### Directions for this task
Reproduce the data below in full and exclude every picture.

### Records provided

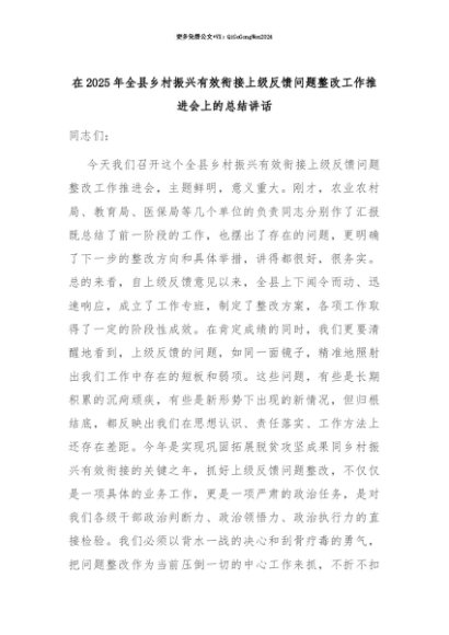 【七哥公文】2025年:【七哥公文】在2025年全县乡村振兴有效衔接上级反馈问题整改工作推进会上的总结讲话+更多免费公文+VX:QiGeGongWen2024+更多免费公文+VX:QiGeGongWen2024
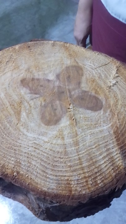 En una rodaja de un pino se puede apreciar de un lado una perfecta cruz simétrica y del otro otra impronta más pequeña con forma de mariposa.
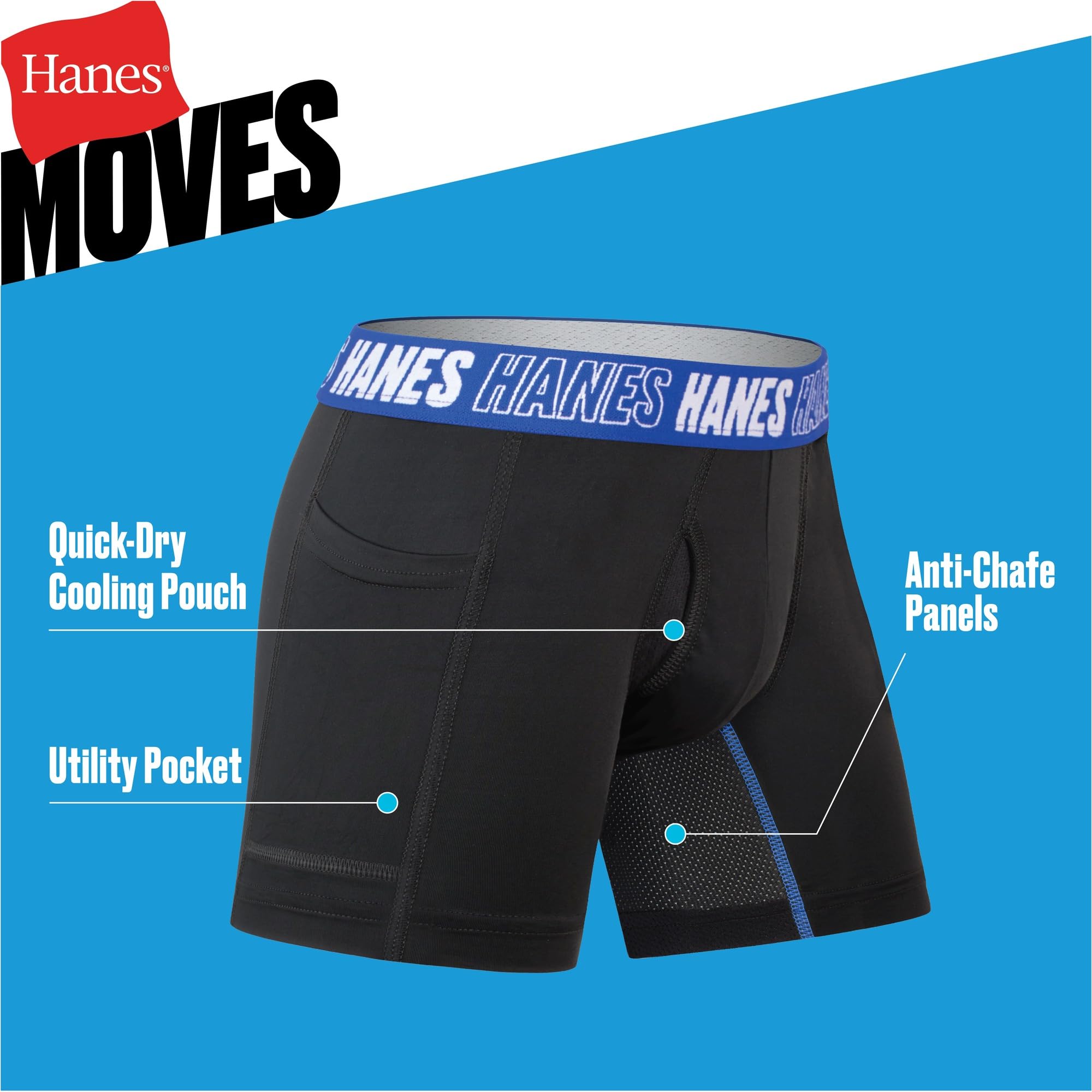 Description Featuring an anti-chafe gusset and a quick-drying pouch, lightweight Hanes Moves Boys' Long Leg Boxer Briefs provide the extra coverage he wants and the comfort he needs. Moisture-wicking fabric, odor control, and X-Temp technology match his energy level, teaming up to keep him feeling fresh and cool. He'll like the way the 4-way stretch fabric bends and flexes with him and will appreciate the handy utility pocket and smooth Tagless interior. This tween long leg boxer brief underwear is available in a convenient assorted 6-pack - because you can never have too much of a good thing. Hanes Moves. Everyday comfort and performance solutions for boys.
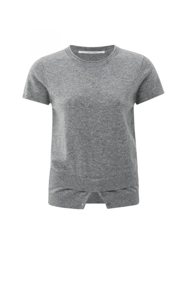 Este top de punto fino presenta mangas cortas, cuello redondo y corte holgado. El dobladillo a capas con botones crea la ilusión de una doble capa, dándole un toque divertido y moderno. Confeccionado en un tejido suave y cómodo. Perfecto para un look elegante e informal. La modelo mide 175 cm y usa la talla S.
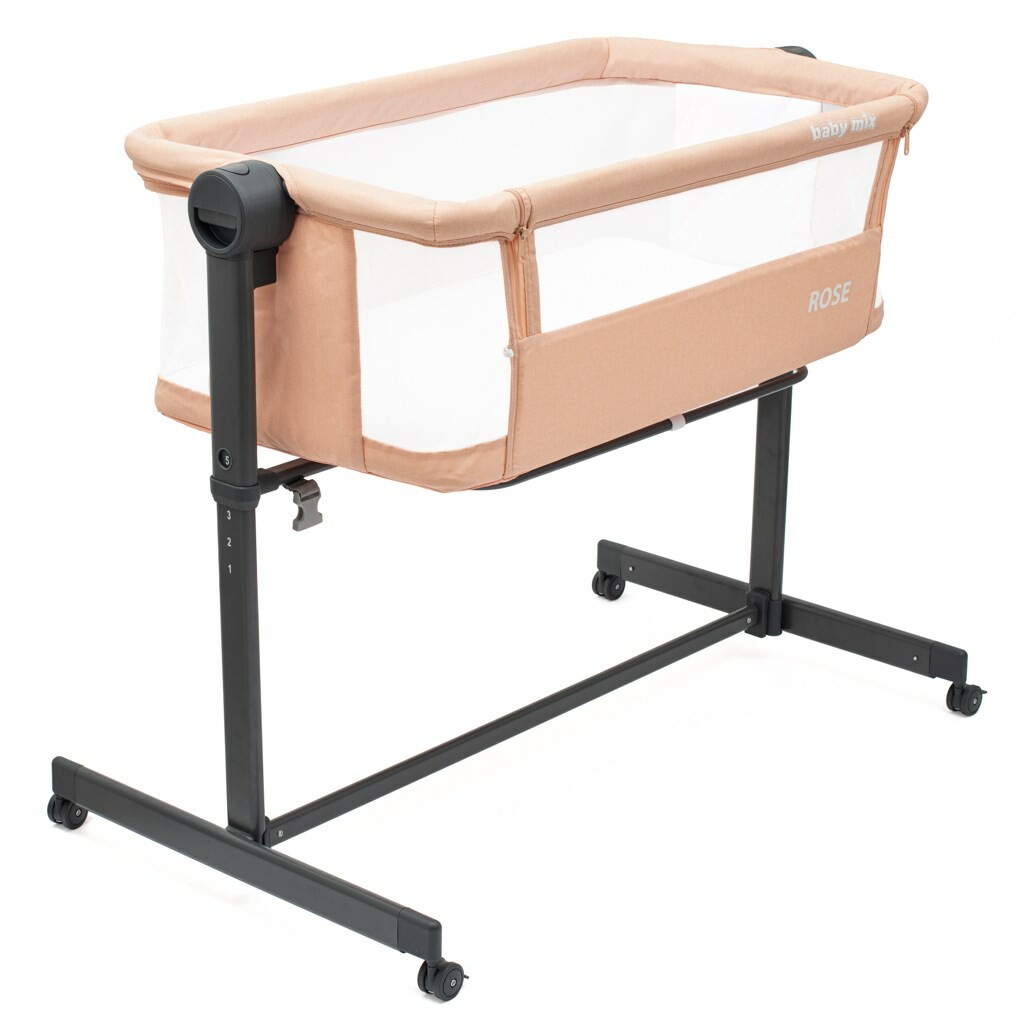 Łóżeczko dostawne Baby Mix Rose zapewni bezpieczeństwo Twojego maluszka podczas snu. Łóżeczko Rose ma 5 poziomów regulacji wysokości (68-80 cm), dzięki czemu można je łatwo dopasować do wysokości łóżka rodziców. Zamki błyskawiczne na łóżeczku znajdują się po zewnętrznej stronie, co zapewnia wygodny dostęp dla rodziców. Łóżeczko jest wyposażone w ciche kółka z hamulcem, które umożliwiają łatwe przemieszczanie, a montaż bez użycia narzędzi gwarantuje szybkie i proste złożenie. W zestawie znajduje się wygodny materacyk do łóżeczka. Łóżeczko Rose posiada solidną i bezpieczną ramę ze stali. 300D poliester, z którego wykonano łóżeczko, jest wytrzymały i lekki. Specyfikacja: - Wysokość łóżeczka: 68-80 cm - Wysokość od materaca do górnej krawędzi: 31 cm - Długość łóżeczka: 84 cm - Szerokość łóżeczka: 52 cm - Materiał: 100% poliester 300D

### Response area
 【七哥公文】2025年:【七哥公文】在2025年全县乡村振兴有效衔接上级反馈问题整改工作推进会上的总结讲话+更多免费公文+VX:QiGeGongWen2024+更多免费公文+VX:QiGeGongWen2024
 En una rodaja de un pino se puede apreciar de un lado una perfecta cruz simétrica y del otro otra impronta más pequeña con forma de mariposa.
 Description Featuring an anti-chafe gusset and a quick-drying pouch, lightweight Hanes Moves Boys' Long Leg Boxer Briefs provide the extra coverage he wants and the comfort he needs. Moisture-wicking fabric, odor control, and X-Temp technology match his energy level, teaming up to keep him feeling fresh and cool. He'll like the way the 4-way stretch fabric bends and flexes with him and will appreciate the handy utility pocket and smooth Tagless interior. This tween long leg boxer brief underwear is available in a convenient assorted 6-pack - because you can never have too much of a good thing. Hanes Moves. Everyday comfort and performance solutions for boys.
 Este top de punto fino presenta mangas cortas, cuello redondo y corte holgado. El dobladillo a capas con botones crea la ilusión de una doble capa, dándole un toque divertido y moderno. Confeccionado en un tejido suave y cómodo. Perfecto para un look elegante e informal. La modelo mide 175 cm y usa la talla S.
 Łóżeczko dostawne Baby Mix Rose zapewni bezpieczeństwo Twojego maluszka podczas snu. Łóżeczko Rose ma 5 poziomów regulacji wysokości (68-80 cm), dzięki czemu można je łatwo dopasować do wysokości łóżka rodziców. Zamki błyskawiczne na łóżeczku znajdują się po zewnętrznej stronie, co zapewnia wygodny dostęp dla rodziców. Łóżeczko jest wyposażone w ciche kółka z hamulcem, które umożliwiają łatwe przemieszczanie, a montaż bez użycia narzędzi gwarantuje szybkie i proste złożenie. W zestawie znajduje się wygodny materacyk do łóżeczka. Łóżeczko Rose posiada solidną i bezpieczną ramę ze stali. 300D poliester, z którego wykonano łóżeczko, jest wytrzymały i lekki. Specyfikacja: - Wysokość łóżeczka: 68-80 cm - Wysokość od materaca do górnej krawędzi: 31 cm - Długość łóżeczka: 84 cm - Szerokość łóżeczka: 52 cm - Materiał: 100% poliester 300D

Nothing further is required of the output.